Dude, I know theres FMA training in Savannah, I just don't know where(I'm WAAAY North). Can anyone help our Irish Brother?


----------



## Guro Harold (Mar 12, 2003)

Hi Chunner,

Found this:

Pekiti Tersia:
Tuhon Bill McGrath has a  contact in Savannah, GA.  He also holds regional seminars in SC.

Stephen  Young  
Email: iamspy007@hotmail.com 
Savannah, GA

Palusut

If this person is interested in traveling to train, spring to fall will be busting with seminars up and down the east coast, from Buffalo (NY) to Tampa (FL), with Raleigh (NC) right in the middle.


----------



## CHUNNER (Mar 13, 2003)

Thanks for the feedback guys, I'll try the contact that you suggested. I will be glad to travel but as we are only moving over there in the summer I think it'll be next year before I'm mobile.

Thanks again.


----------



## Danny T (Mar 13, 2003)

CHUNNER,

Get in touch with Steve as soon as you can. He is a very nice person and a wonderful treasure of Martial knowledge. Not only in Pekiti-Tirsia but also in Wing Chun, Tai Chi, and Silat. 

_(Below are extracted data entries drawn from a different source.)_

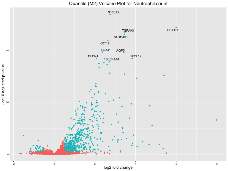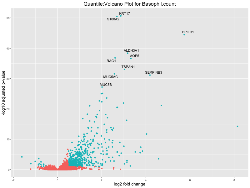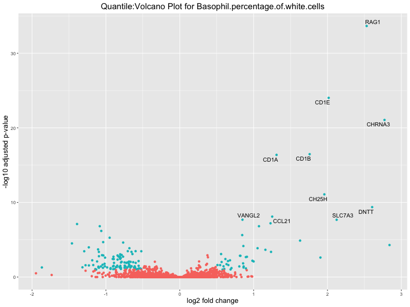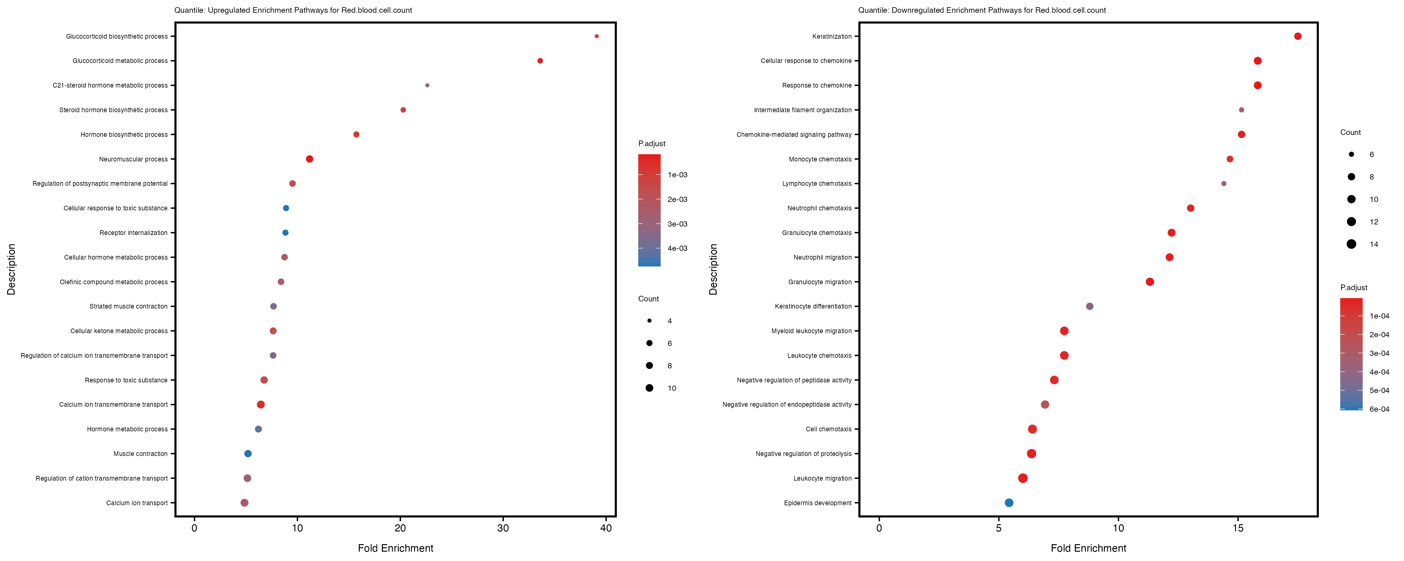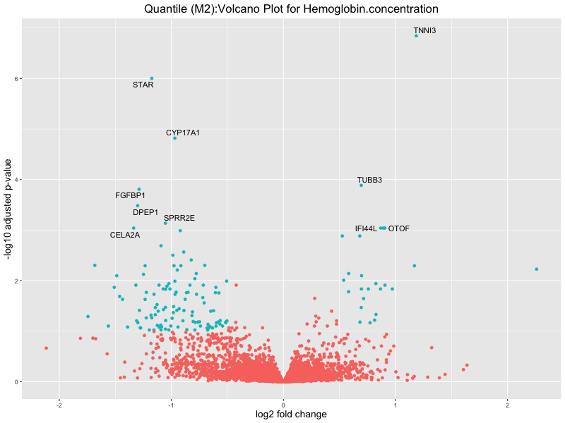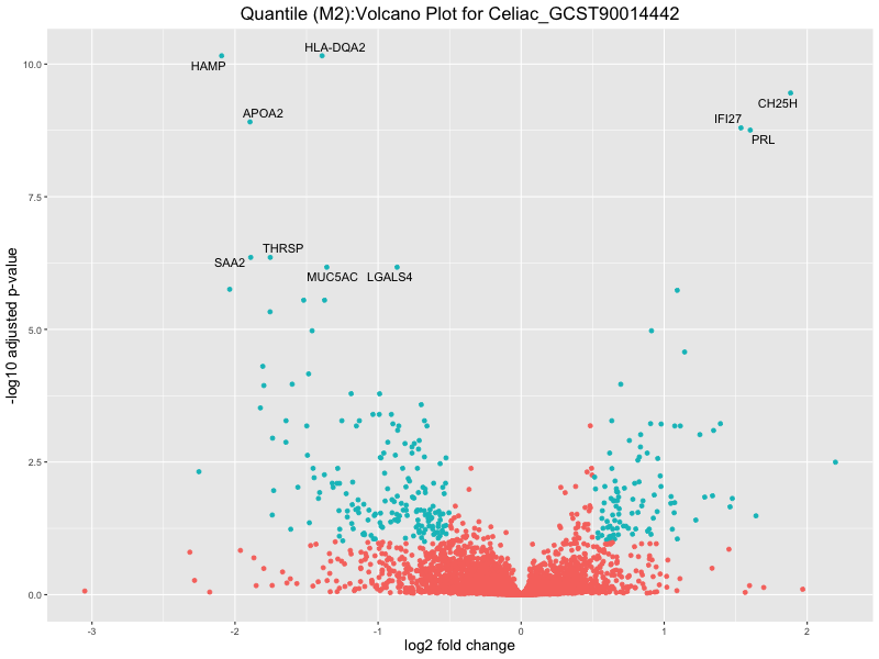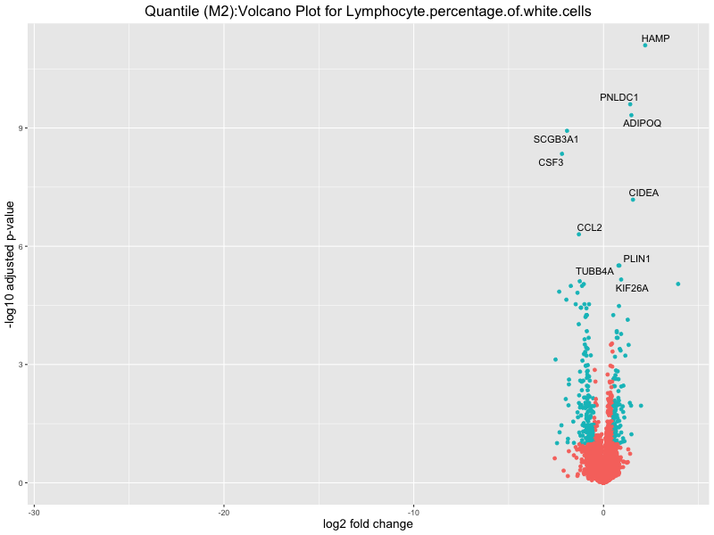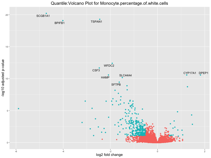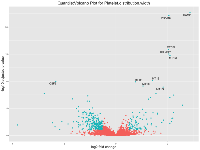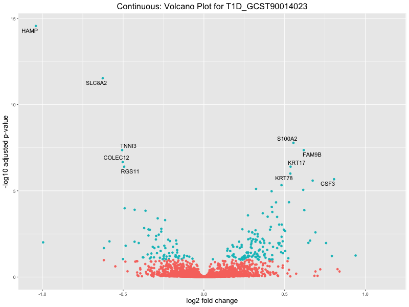 In the quantile analysis, the number of significant differential expressed genes is generally higher compared to the continuous analysis, which suggests that stratifying by PRS (top 25%) may identify more genes with stronger associations to the traits. We observed that certain genes were identified in both the continuous and quantile PRS analyses, though not all genes overlapped. Specifically, for the Eosinophil count trait, ACTN3, HAMP, SCGB3A1, CH25H, and NPIPA8 appeared among the top 10 DEGs across both analyses, suggesting that these genes might play a key role in the trait regardless of the analysis approach. For example:
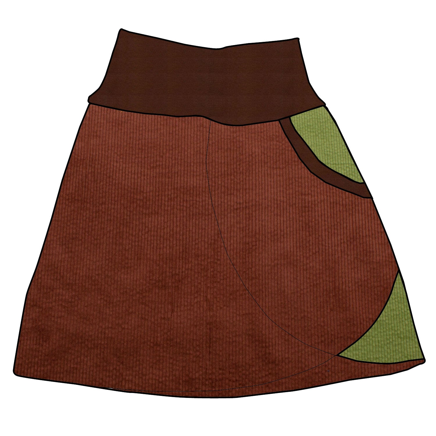 Kinder Cordrock / falscher Wickelrock Cord Braun / Apfelgrün
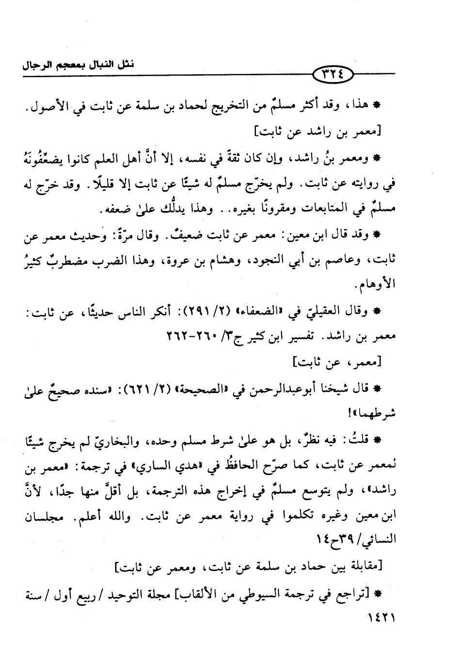 * ومعمر بنُ راشد، وإن كان ثقةً في نفسه، إلا أنَّ أهل العلم كانوا يضعِّفُونَهُ في روايته عن ثابت. ولم يخرّج مسلمٌ له شيئًا عن ثابت إلا قليلًا. وقد خرّج له مسلمٌ في المتابعات ومقرونًا بغيره. . وهذا يدلُّك على ضعفه.

Steve is a very personnal but cautious person. I recommend you start communicating with him early as to what you want to learn and why. I have known Mr Young for better than twenty years and can attest to his martial skill as well as his instructional abilities. 

Danny Terrell
Progressive Martial Arts Training Center
Lafayette, La.
office@pmatc.com


----------



## arnisador (Mar 13, 2003)

Duplicate post deleted.

-Arnisador
-MT Admin-


----------